Monstera Deliciosa Variegata: Grief and the Search for a Rare Houseplant
Once you discovered the plant community on Instagram, your relationship with your phone changed. I would wake, roll towards you, and your face would be bathed in blue. Giant-leafed elephant ears. Succulents of all kinds in terrariums, in tiny clay pots, in boxes built into walls. Ferns. Greenery blinked by with the flick of your thumb.
It was here you first glimpsed the object of what would become a months-long, loving search: the monstera deliciosa variegata, a plant as lovely as its name. We first noticed variegation in prehistoric-looking century plants, during our neighborhood walks around San Francisco. Some of the massive blue-green agaves in people’s desert-scaped yards had healthy yellow edges. Those were your favorites. On the little back deck attached to our first apartment, you found you liked getting your hands dirty, and you began to save seeds: apple, Meyer lemon, orange. You saved pits, too: avocado, olive, date. You filled paper coffee cups with dark soil, pushed your index finger into the center, and planted what you’d saved.

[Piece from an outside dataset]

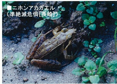
■ニホンアカガエル (準絶滅危惧 [長崎])

Most things didn’t grow very big or even grow at all. They would sprout and then stop. Some molded over, drooped, and died. You kept at it. We had our first Christmas tree for almost two years, until it got sickly and yellow, and you placed it at the curb, admitting defeat.
* * *
The evening of October 13, 2017, we had a housewarming party. We had just moved into our new, more permanent place—our fifth move in three years—and celebrated by having friends and family over. We cooked beans and rice, opened chips and salsa. A friend serenaded us all with her soulful voice and guitar playing. We played Cards Against Humanity. Another friend spilled chips on the carpet.
Twenty-one fires were active across California. Our home-state burns every year now. Two of the fires were within miles of your mom’s home, and she’d moved all of her most important belongings—her photos of you and your brother as babies and then children and then adults, her legal documents, supplies for her dogs and cat—into her car’s trunk a few days before. She was ready to go that night, if one of the close-by fires encroached too near and an evacuation was ordered. We were supposed to have kept our phones’ sound on, to be ready to go to her, or at least be updated by her about where she was, and where she’d taken the animals.
We’d been hearing stories. I told you about a teacher of ours from community college who was making trips to Napa and Sonoma to help rescue goats and chickens. Entire senior living communities were being evacuated to the East Bay.
You and I made love after our friends went home, and I was so tired that I fell asleep face-down on our mattress as soon as we finished. You went to the bathroom and laughed when you came back into the room and I hadn’t moved. We curved around each other in the usual way. The nights were just beginning to get cold—then in the low forties—though the days were still warm. The next day would be Saturday. We didn’t need to set an alarm.
* * *
We don’t usually sleep into the bright shock of morning. I got up and rushed to the living room. Picking up my phone and seeing multiple missed calls from your mom, I thought for sure she’d had to evacuate. That the house you grew up in might be gone. That she’d needed us, and we’d gotten drunk and gotten off and slept so soundly, like fools. Instead, her voicemail, timestamped 3 a.m., conveyed a different loss.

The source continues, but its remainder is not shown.